OC20 Dataset Overview

The Open Catalyst Project and OC20 Dataset

We are working with collaborators at Facebook AI Research on the Open Catalyst Project. We released the first step in this project - an open dataset of more than 1.2M adsorbate relaxations and 250M DFT single-point calculations across catalyst materials and chemistry space.

OCP Models

In addition to the dataset, we have also released a set of baseline models on github using state-of-the-art graph convolution models. These demonstrate what is feasible with current models and how to work and interact with the dataset. Get in touch if you have questions!



We develop methods for machine learning in materials, uncertainty quantification, and automation. You can find a complete list of our software efforts on github


Automating surface chemistry or catalysis calculations can be complicated. Our workflows are built on top of fireworks, pymatgen, luigi, ase, and other helpful toolkits. With this system we perform ~100-200 DFT calculations per day across various chemistries and materials. A lot of work is put into the active learning system to find and schedule interesting calculations. You can read more about this system


We are part of a DOE-funded group led by Prof Andy Peterson at Brown to develop machine learning potentials and the AMP code for exascale machines. We have been exploring pytorch as a system for faster and more complicated training systems. We are also working on various active learning strategies to accelerate the train/predict/calculate pipeline.

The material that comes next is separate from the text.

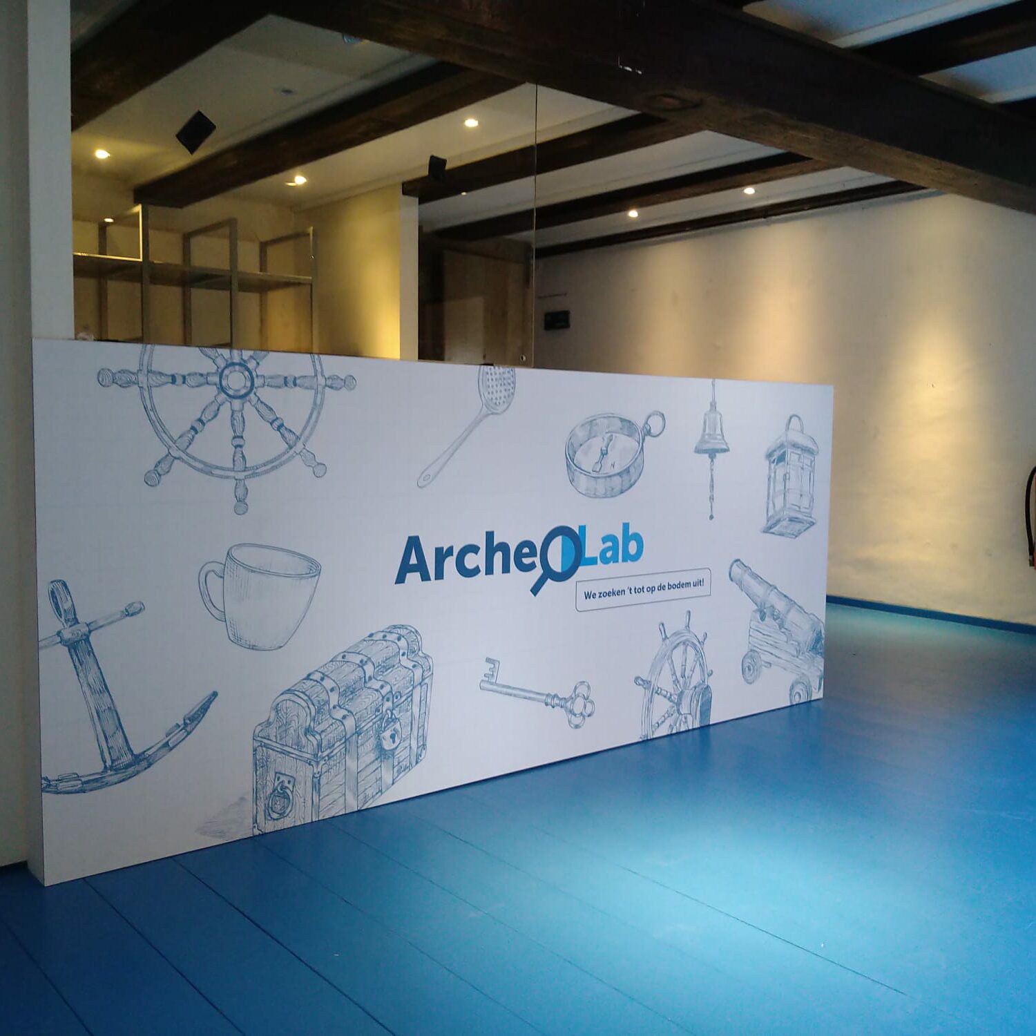 In het graanpakhuis naast de monumentale molen zijn sinds kort het Archeolab en het Open Depot gevestigd. In deze ruimtes hebben we mooie nieuwe wandletter, tekstpanelen en grafische wandbekleding mogen plaatsen.

Graph Convolution Networks for Surface Chemistry

We showed that crystal graph convolution networks can be applied to surface chemistry and catalysis with some modifications. Our fork of the repo has the changes made in our papers. We are in the process of making these models easier to use and develop with collaborators.

UQ in Graph Convolution Networks

Uncertainty estimation is important in engineering and active learning, and UQ applied to graph convolution networks is still an emerging area. We explored a number of different strategies and collected our results as a series of jupyter notebooks.

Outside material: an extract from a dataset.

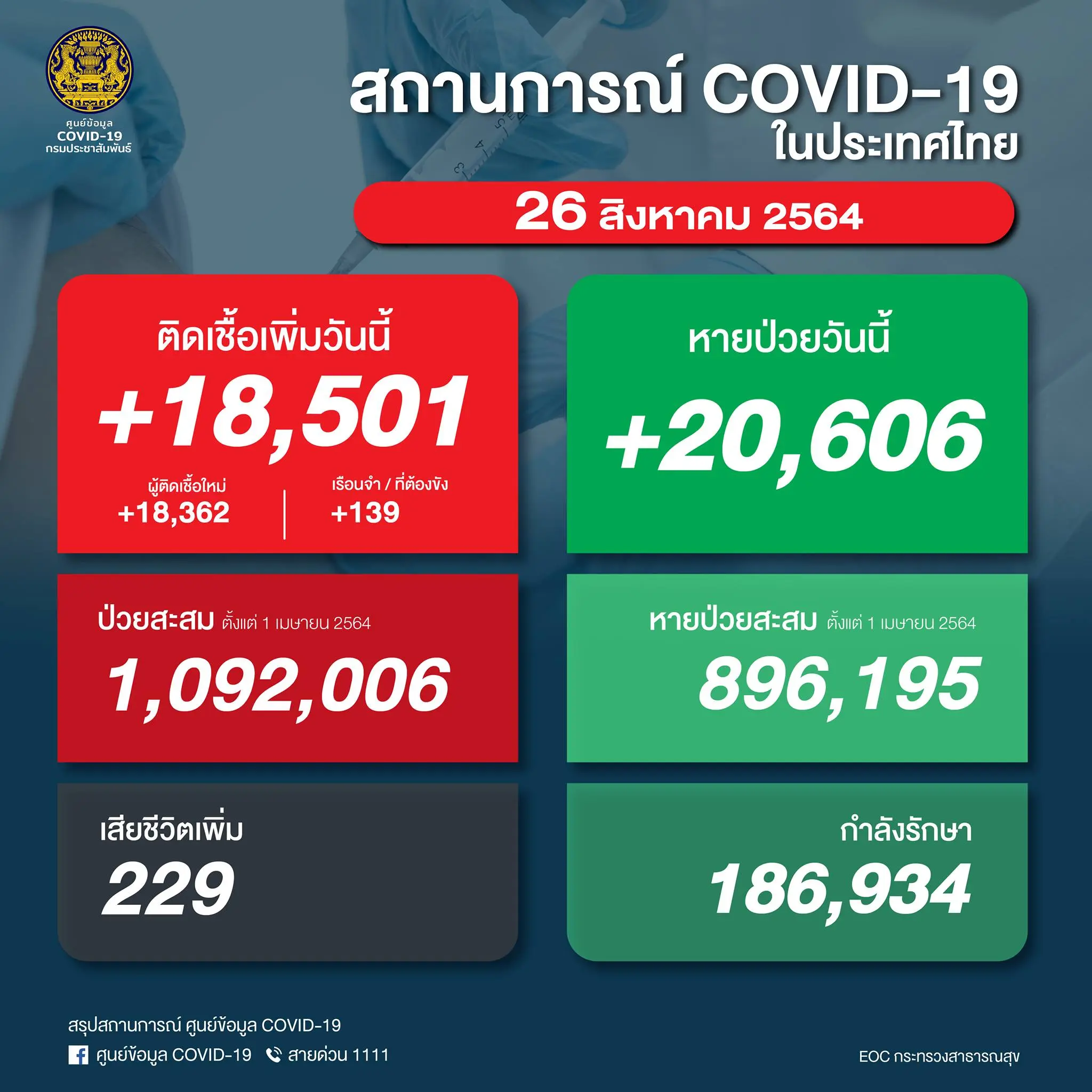โควิดวันนี้ — เมื่อวันที่ 26 สิงหาคม 2564 ศูนย์ข้อมูล COVID-19 รายงานยอดผู้ติดเชื้อ โควิด-19 โดยพบผู้ติดเชื้อรายใหม่เพิ่ม 18,362 ราย เสียชีวิต 229 ราย ทำให้การระบาดโควิด19 ระลอกใหม่ตั้งแต่เดือนเมษายน 2564 มียอดผู้เสียชีวิตรวม 10,220 ราย และยอดผู้เสียชีวิตสะสมจากการแพร่ระบาดของโควิด19 ตั้งแต่ปี 63 มีทั้งหมด 10,314 ราย สำหรับวันนี้มีรายงานผู้ติดเชื้อจากเรือนจำทั้งหมด 139 ราย รวมจำนวนผู้ติดเชื้อรายใหม่วันนี้ทั้งสิ้น 18,501 ราย

Quantum Espresso in Google Colab workbooks

We use Google colab and other hosted jupyter instances for a lot of our day to day work. We’ve been exploring how to demonstrate active learning strategies with DFT calculations on these systems, and showed that Google Colab GPU instances can actually run QE very quickly! See John Kitchin’s updated DFT book for examples.

Computational Catalysis Datasets

Large consistent datasets can be difficult to find and use in catalysis, and this has limited the development of deep learning models and representations. We’re working with collaborators to improve this further, but for now you can find the datasets we have published or use internally for developing new methods.

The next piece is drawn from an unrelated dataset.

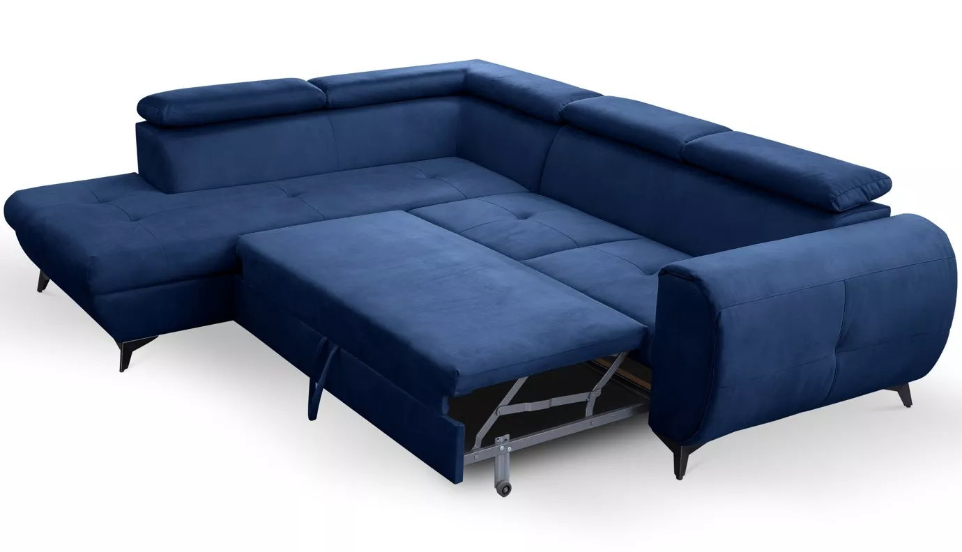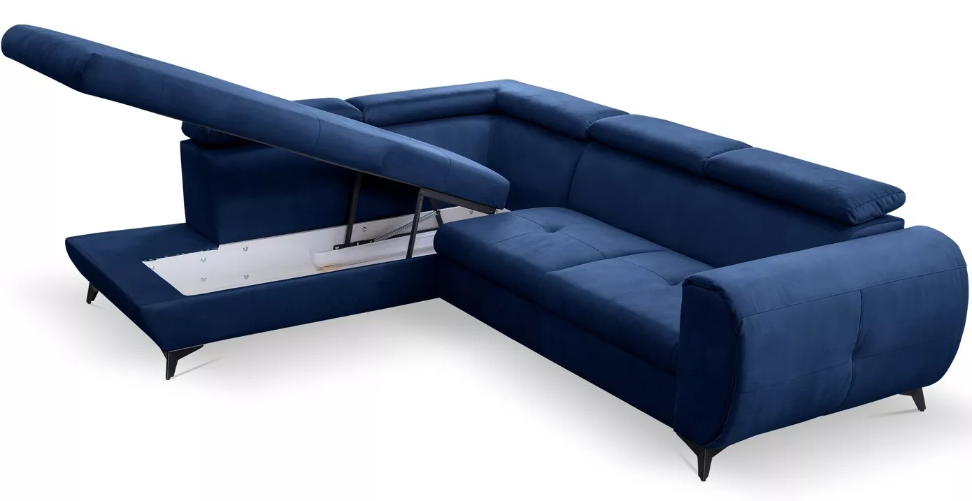 Rozkládací sedačka s úložným prostorem DAUPHIN - modrá, levý roh

Surface chemistry intermediates across intermetallics

We have performed about 100,000 adsorption energy calculations over the past couple years across a range of intermetallics. About 50,000 are considered high quality, with relatively little surface/adsorbate movement. This subset is what we use for training.

If the function is not working, you may need to downgrade your ASE to version 3.17. If you have any questions or comments about or data, do not hesitate to contact us.

Cleavage energies for intermetallics

Surface energies for asymmetric inorganic surfaces are not well defined, but are important for bimetallic nanoparticle shape and faceting. We calculated several thousand cleavage energies across a range of stable inorganic crystals from the Materials Project, which we used for training graph convolution networks. We are working with collaborators to improve on asymmetric limitations.